Fontaines D.C.: Tiny Desk (Home) Concert
The Tiny Desk is working from home for the foreseeable future. Introducing NPR Music's Tiny Desk (home) concerts, bringing you performances from across the country and the world. It's the same spirit — stripped-down sets, an intimate setting — just a different space.
Filmed in Chicago's beautiful brick Irish American Heritage Center during a recent tour, this four-song set begins with Fontaines D.C. singer Grian Chatten in the stacks at the center's library, playing a button accordion and singing the mordant ballad "The Couple Across the Way" as cellist Maureen Dunne and violist Isaac Henry accompany him. An emotional touchstone on the band's latest album, Skinty Fia, it's a taste of an unfinished Fontaines project: the Irish group originally planned to release a double set with half traditionally-styled tunes and half the searing, atmospheric post-punk that makes this third LP the band's best.
But we won't stay here in the quiet, unsettled heart. Chatten ambles over to the library's open area, where the band is set up alongside members of the Northwestern University Choir to perform "In ár gCroíthe go deo." The eerie blend of the choir's harmonies and the band's droning, building rhythms moves this music from storytelling to poetry.

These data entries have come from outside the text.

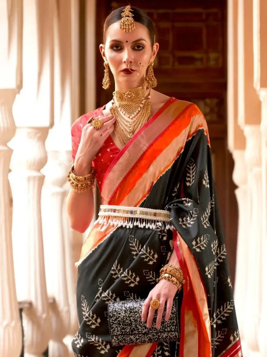 The saree and blouse are elegantly designed, retaining the traditional essence of Indian ethnic wear. The black patola silk fabric enhances the beauty of the ensemble, giving it a touch of sophistication.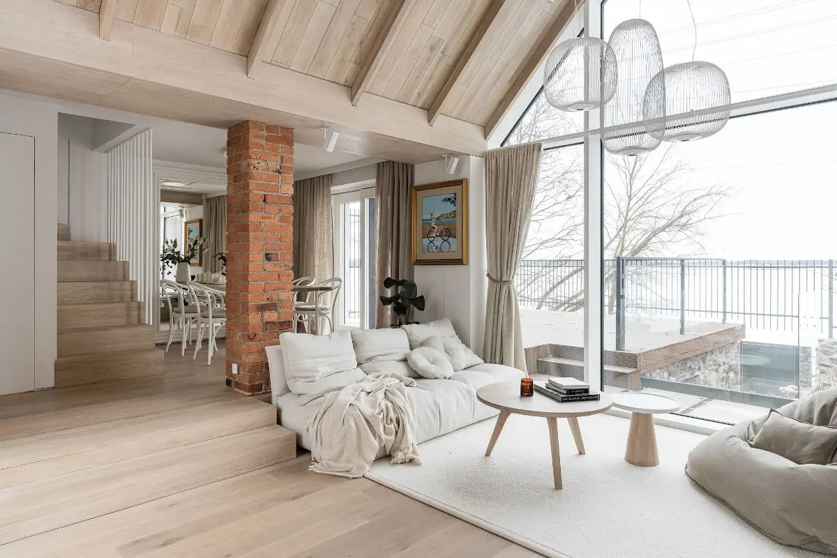 Nie bez powodu arch. Katarzyna Piotrowska obrała właśnie taki kierunek. Nowa aranżacja nie mogła przytłoczyć natury wdzierającej się do wnętrza z każdej strony domu. Otacza go woda, stary ogród i sad porastający skarpę. Dzięki zastosowanym środkom wystrój apartamentu idealnie współgra z dziką przyrodą otulającą budynek. Duże przeszklenia tworzą wrażenie jedności człowieka z naturą.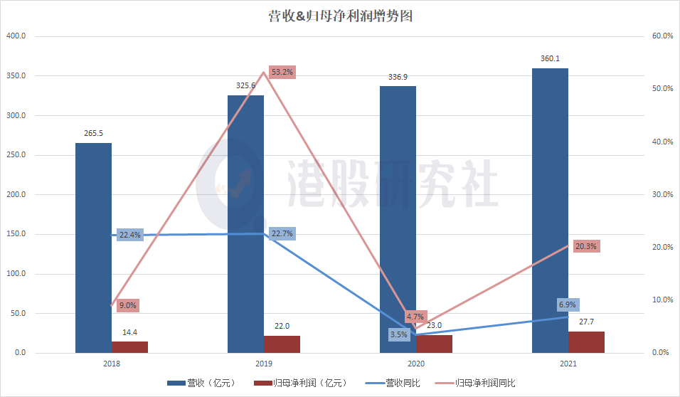 营收作为最主要的数据,在本年度内实现6.9%的增速至360.09亿元,高于去年同期3.5%的增速。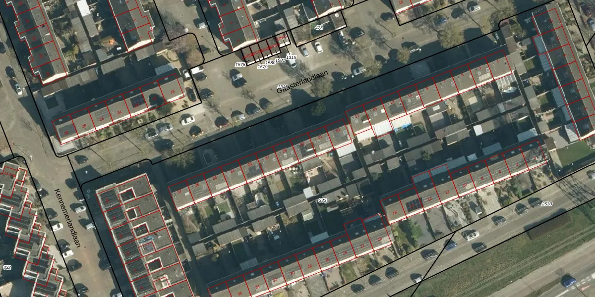 Gaasterlandlaan 23 is gelegen op kadastraal perceel WSL01R333. Deze kadastrale aanduiding is uniek en wordt gebruikt door het Kadaster om eigendomsrechten en andere zakelijke rechten vast te leggen. Het perceel maakt onderdeel uit van de kadastrale gemeente Woensel.
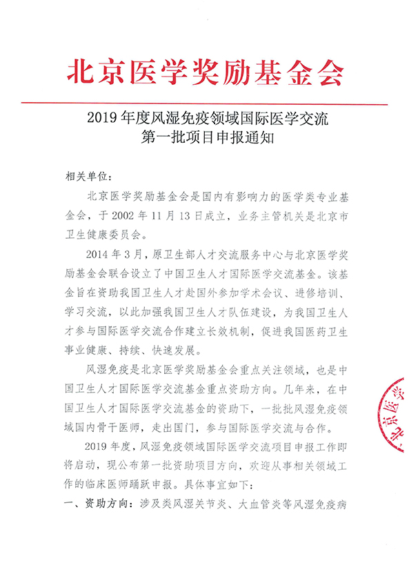 2019年度风湿免疫领域国际医学交流第一批项目申报通知
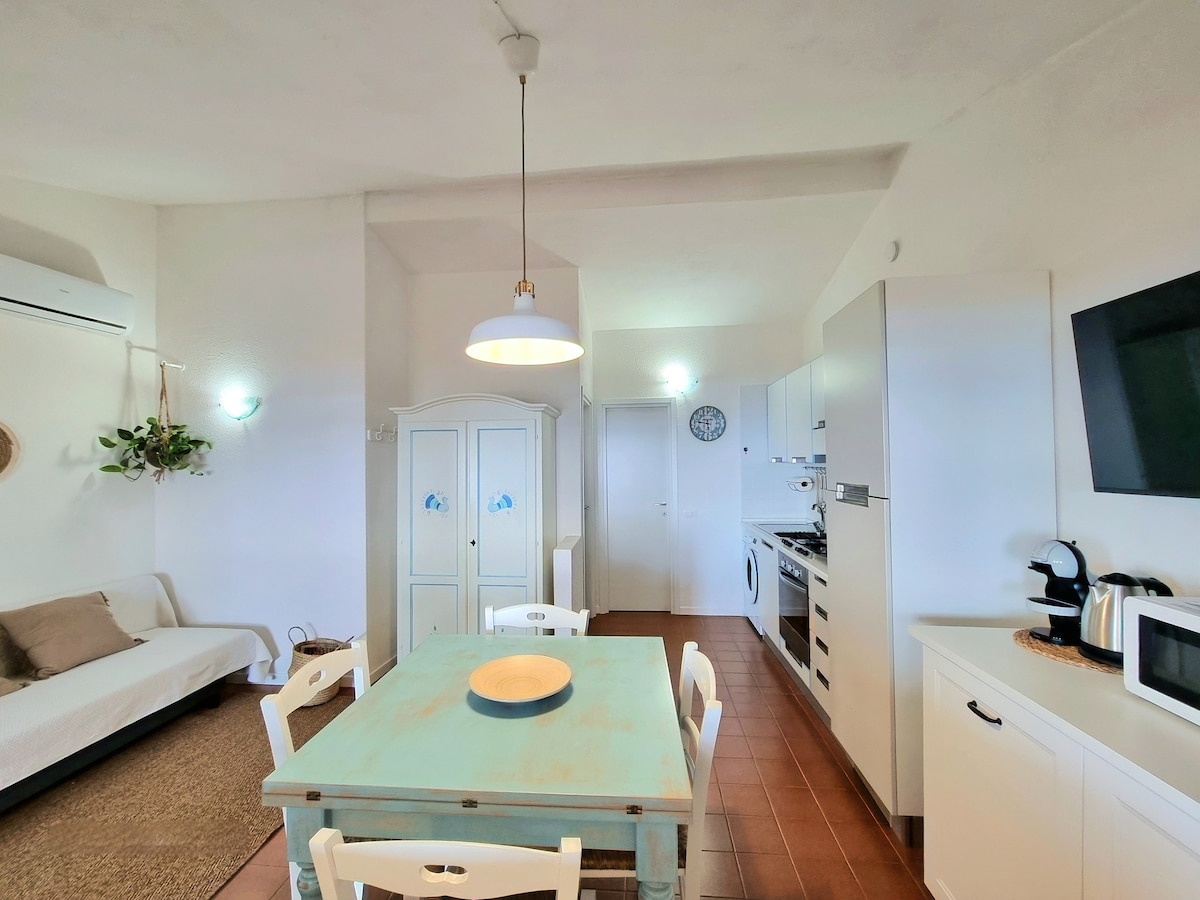 Helt nyoppusset villa, to skritt fra stranden, svært nær alle tjenester: marked, apotek, restauranter, pizzeria, baker, bar, fiskebutikk, osv. utstyrt med alt og litt til, med veranda foran og bak, grill og en ekstra utedusj med varmt vann. Nyinnredet i sardinsk stil. ligger i et rolig og stille privat kondominium, med en trærrik hage og privat parkeringsplass..........................................................................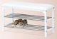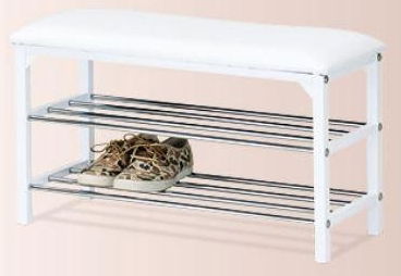 Botník s bočními prvky konstrukce v provedení bílá barva (prášková) a dvěma kovovými poličkami v provedení chromová barva. Botník je vybaven komfortním čalouněným sedákem z bílé koženky.

The song is a keen: an Irish lament for a dead woman whose family wanted the song's title phrase inscribed on her grave but were thwarted when officials in their English hometown demanded a translation. "Gone is the night, gone is the day," Chatten sings through gritted teeth as the choir and his bandmates chant those lost Irish words. Another library corner offers a dynamic shift, as Carlos O'Connell leads the tender, drifting "Big Shot" with delicate keyboard. Then it's back to the noise with "Nabokov" — the perfect tune for tearing up an archive — and a final surprise sends the set into happy chaos.